KC Royals: It’s OK that Salvador Perez doesn’t frame well

(Photo by Hannah Foslien/Getty Images)
(Photo by Hannah Foslien/Getty Images)

The KC Royals have a regular catcher who doesn’t frame pitches well. But it doesn’t really matter.

Extra time to contemplate all things baseball during this pandemic-forced stoppage has led me to some conclusions about the KC Royals, one of which I share with you here.

I don’t care if Salvador Perez isn’t a very good pitch framer. I just don’t.

There it is. Jump on any reliable search engine, keystroke in “Perez” and “pitch framing,” then sit back and watch the data flow in. By any contemporary metric, there is no escaping the hard fact that Perez is a poor framer.

Take, for example, baseball-reference.com’s deliciously unpronounceable “RszC.” That’s the useful statistics-rich site’s measure of what some describe the “art of framing.” Too simply put, framing is the pitcher-friendly practice of making a ball look like a strike, and a strike look like a strike, a bit of baseball sleight-of-hand achieved most often and ideally with a smooth move of the wrist or mitt. Framing, when done well, quickly moves a ball into the strike zone and preserves an actual strike in its place.

Perez’s career RszC is a depressing -37, which makes him one of the worst framers in the game.

For whatever reason or reasons, Perez, the KC Royals’ beloved backstop who, after a year recovering from Tommy John Surgery, will return to the diamond when baseball itself returns, just doesn’t frame well. Never has, and probably never will.

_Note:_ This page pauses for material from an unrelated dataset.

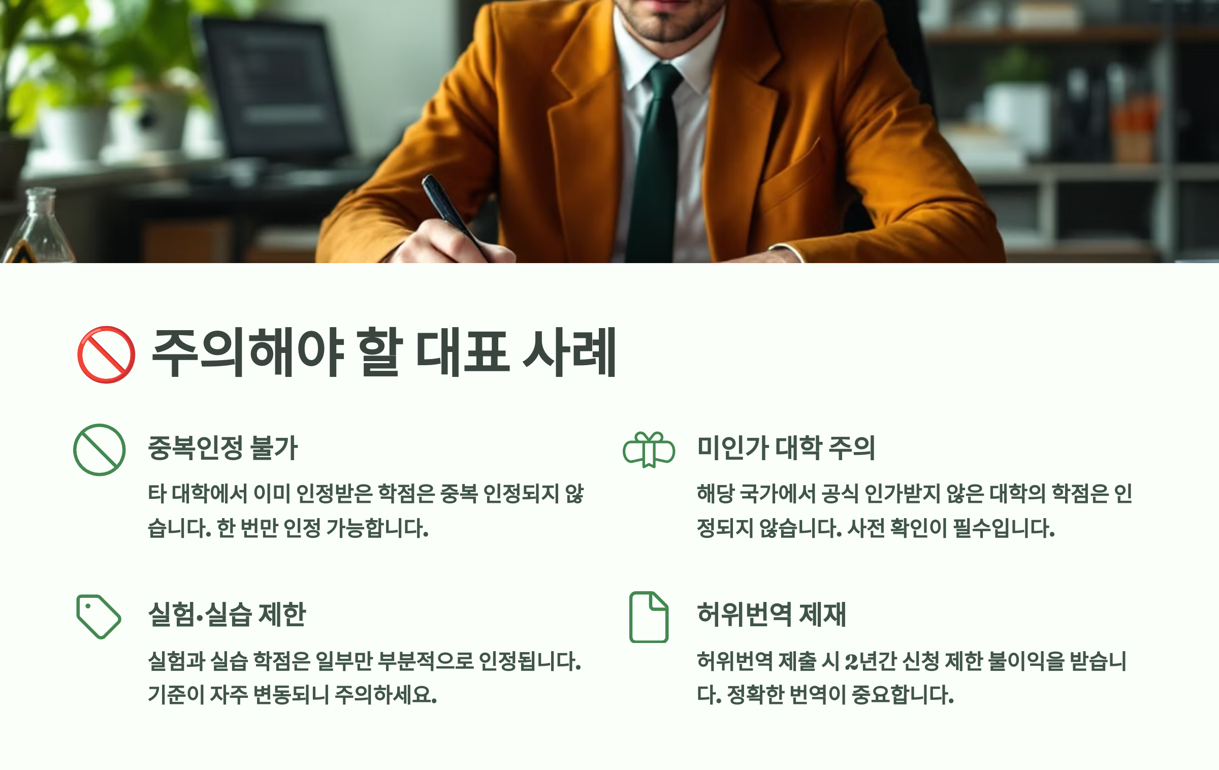 또한 국내 대학별로 인정 기준이 다르므로, 복학 전에 꼭 미리 문의하고, 필요하면 교수님과 직접 상담하는 것도 큰 도움이 돼요. 특히 전공과목은 심사가 더 까다로우니, 철저한 사전 준비가 중요하답니다. 🧑🏫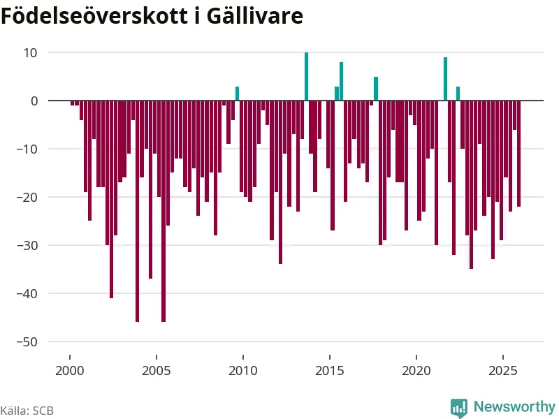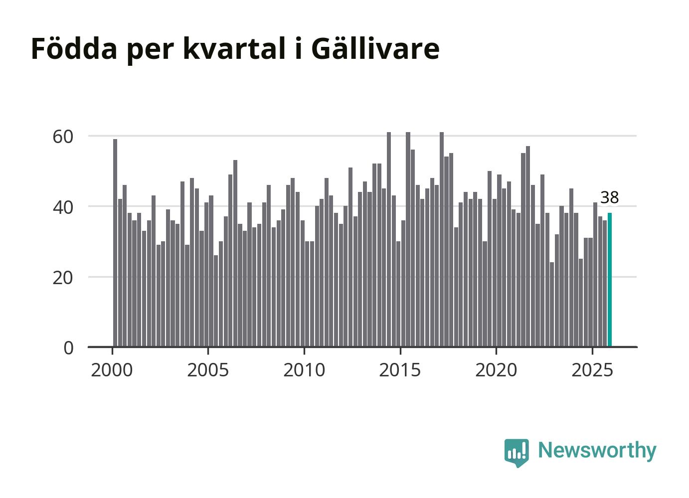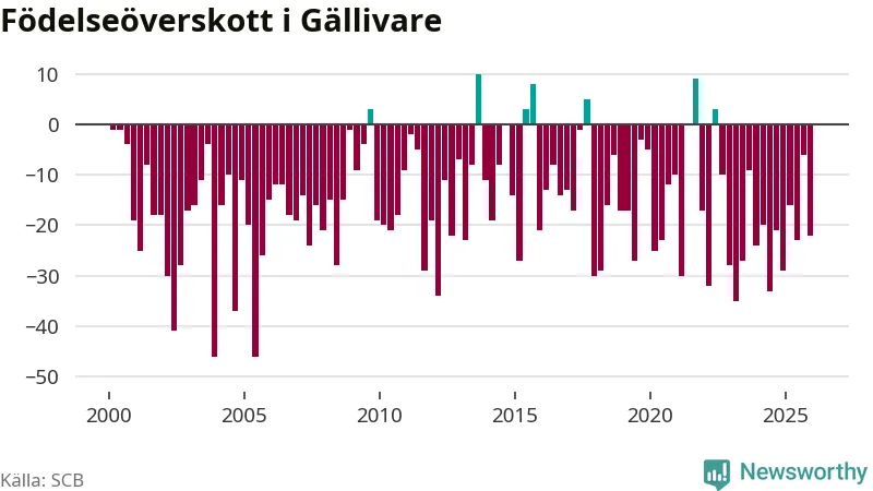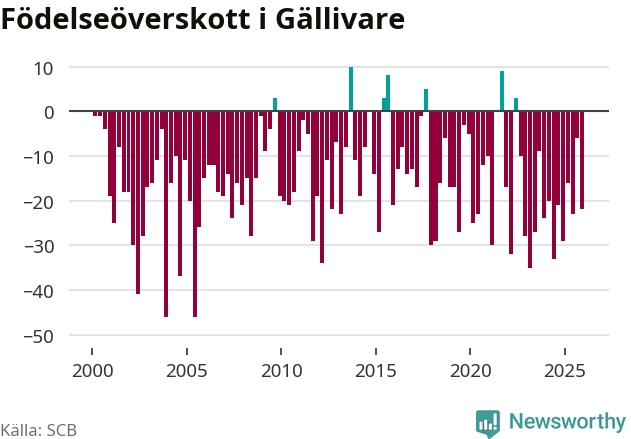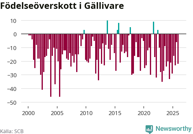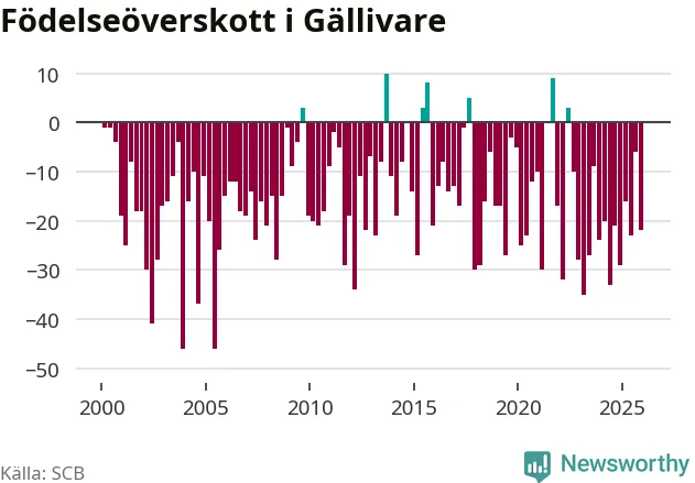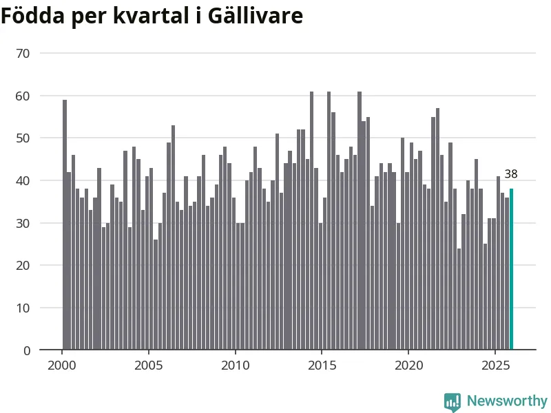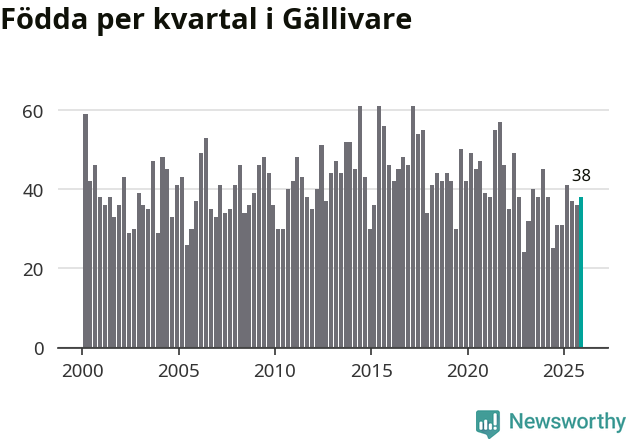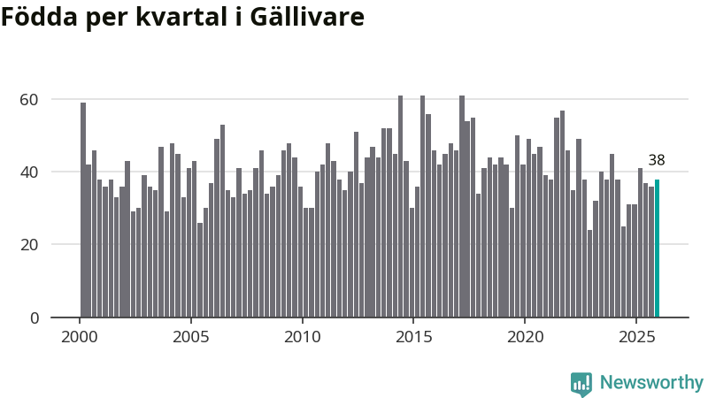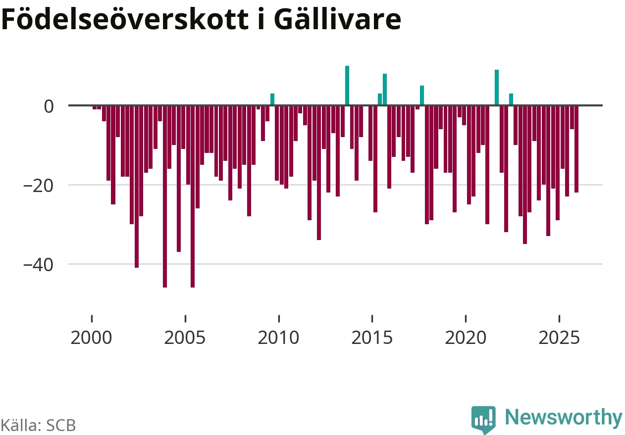 Enligt SCB:s siffror föddes 38 barn i Gällivare under det senaste kvartalet. Samtidigt avled 60 personer. Gällivare hade alltså ett negativt födelsenetto, vilket kommunen historiskt sett nästan alltid har haft.

And the fact he probably won’t catch as much, or as regularly, as he has in the past (discussed in more detail in this space before spring training began) likely won’t make a difference in that part of his game.

But it really doesn’t matter. Perez may not be able to create strikes as well as more accomplished framers (the Braves’ Tyler Flowers, Padres’ Austin Hedges, or Giants’ Buster Posey, for three), but he’s so valuable to the KC Royals that this shortcoming can be forgiven.

Sal is the Royals’ heart and soul, a high-profile leader who commands the respect and adoration of his teammates, club personnel, and, of course, the fans. The Royals wouldn’t be the Royals without him. The Salvy Splash wouldn’t exist without Salvy. His is a different personality than Alex Gordon‘s, but their intrinsic values are equally essential to the franchise.

Such qualities have nothing to do with framing.

Perez played key roles in the Royals’ 2013, 2014 and 2015 seasons; the team challenged for a playoff spot until late in ’13, won the AL pennant and pushed San Francisco to Game 7 of the World Series in ’14, then won it all in ’15 when Sal was the World Series MVP.

Perez’s pitch framing inadequacies didn’t prevent or impede any of that success.

The KC Royals’ primary catcher since 2013 made the All-Star team six straight times before his damaged UCL interrupted that streak last season, and he’s won five Gold Gloves and two Silver Slugger awards. He hits with power. He’s recognized as one of the great pitch blockers in the game. He calls a good game and has a good rapport with his pitchers.

He’s done all that without being even an average pitch framer.

Perez is particularly adept at throwing out would-be base stealers: he’s gunned down 35% of them in his career, a rate well above league average, and nailed 48% in both 2016 and ’18.

Pitch framing is irrelevant to throwing out runners.

Baseball pundits and broadcasters like to talk framing on air and player agents play up framing metrics in salary negotiations. Perez’s name doesn’t come up in conversations about great, or good, framers and framing will never bring him more money. However, it’s entirely possible that Perez’s obviously good relationship with umpires compensates to some degree for his lack of framing prowess–that the men in blue clearly respect him likely reaps the occasional benefit of the doubt.

When it gets right down to it, the present KC Royals aren’t in critical need of a standout framer. They aren’t that good, so saving a run here and there or squeezing an isolated win via framing isn’t one of their immediate priorities. Maybe someday, but not now.

And if the club was distraught, or even somewhat concerned, about Sal’s framing, it’s reasonable to believe it would have improved by now. The Royals certainly have the resources to apply to the problem–if, that is, they believe it’s a big problem.

The team could, of course, go out and find a better framer; they’re certainly out there, available for the right price. That the Royals stand pat with their below-average framer tells you a lot.

They’re more than satisfied with Salvador Perez. And they should be.

Although he’s a below-average pitch framer, Salvador Perez is one of the best all-around and most popular catchers in baseball today. The KC Royals are lucky to have him.